Achievements and titles
- Personal bests: Marathon: 2:05:05 (2023); Half marathon: 1:03:46 (2024); 10km road: 29:38 (2019);

= Bonface Kimutai Kiplimo =

Kenyan long-distance runner

Bonface Kimutai Kiplimo (born 12 August 1995) is a Kenyan long-distance runner who specializes in the marathon. He is known for his podium finishes at international marathons and a top-ten finish at the 2023 Berlin Marathon, where he set his personal best of 2:05:05.

== Career ==
Kiplimo began competing in international road races in 2019. He achieved a podium finish at the 2023 Enschede Marathon, placing third with a time of 2:09:19.
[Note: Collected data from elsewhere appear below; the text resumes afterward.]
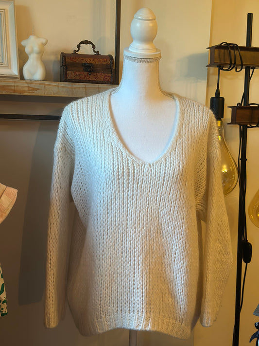 Pull en maille mohair blanche col V T.U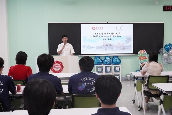 卢其乐代表学院向即将开启留学生涯、迈入崭新征程的中泰项目2022级学生表示祝贺,向为项目的成功举办付出辛勤工作的老师和工作人员表示感谢。他希望同学们牢记自己是一名集大嘉庚学子、一名中国青年,在留学期间勿忘“诚毅”校训,遵守中泰两国的法律法规,尊重泰国的历史文化,勤奋学习、刻苦钻研,努力成就人生梦想。泰国博仁大学中文国际学院院长游翔博士以视频致辞的方式,向同学们表达了问候和欢迎,期待同学们在即将开始的泰国留学生活中学有所成、满载而归。泰语任课教师李小雨一年来陪伴同学们从不识泰语到初步掌握泰语听说读写技能,见证了同学们的点滴成长与进步。她鼓励同学们在泰国留学期间积极结交朋友、提高语言能力、促进文化交流。学生代表郑舒玲同学表达了对集大校园生活和同窗情谊的依恋,对师长悉心教导的感恩,以及对泰国留学生活的憧憬。她表示将珍惜学习机会,不负青春年华,坚定逐梦前行。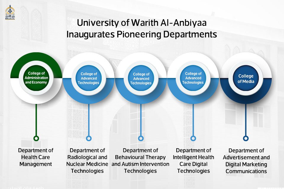The University of Warith Al-Anbiyaa (PBUH) has announced the establishment of five new academic departments, the first of their kind in Iraq, following official approval from the Ministry of Higher Education and Scientific Research.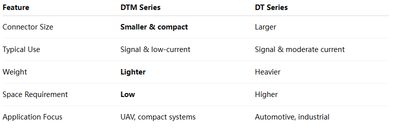 The DEUTSCH DTM Series is a compact sealed connector solution designed for applications where space, weight, and reliability are critical. Compared with standard DT connectors, the DTM Series offers a smaller form factor while maintaining excellent sealing and vibration resistance. DTM connectors are widely used in UAVs, robotics, compact industrial equipment, and electronic control systems.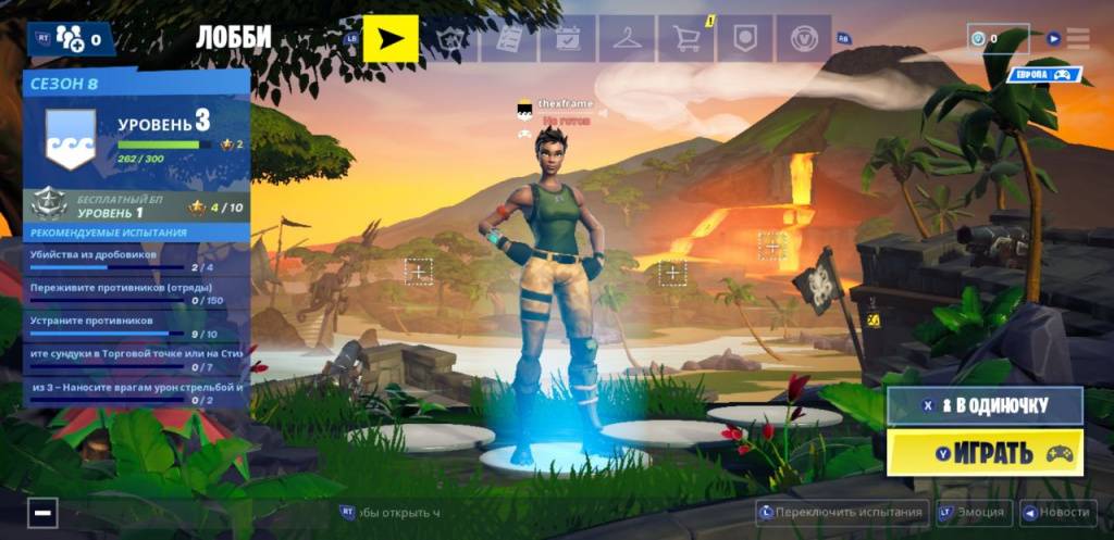 Запустите Fortnite — игра автоматически «подцепит» подключенный геймпад. Пошевелите стиком и на экране появятся подсказки в виде привязанных кнопок к пунктам меню.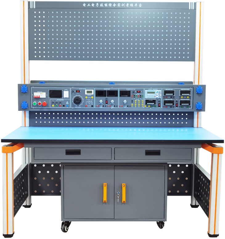 電工電子技能綜合實訓裝置由實驗主機箱、儀器架、實訓桌、移動矮柜、電工電子實訓套件、學生凳等組成。實驗裝置支架與實驗桌可組合、可拆裝。支架與桌腳一體,鋁合金結(jié)構。

His major breakthrough came later that year at the 2023 Berlin Marathon, one of the World Marathon Majors. In a deeply competitive field, Kiplimo finished in 10th place, running a significant personal best of 2:05:05. This result established him as a world-class marathoner.

In 2025, Kiplimo continued his strong performances by securing second place at the Maraton de Cali in Colombia with a time of 2:11:27.

== Achievements ==
All information from World Athletics profile unless otherwise noted.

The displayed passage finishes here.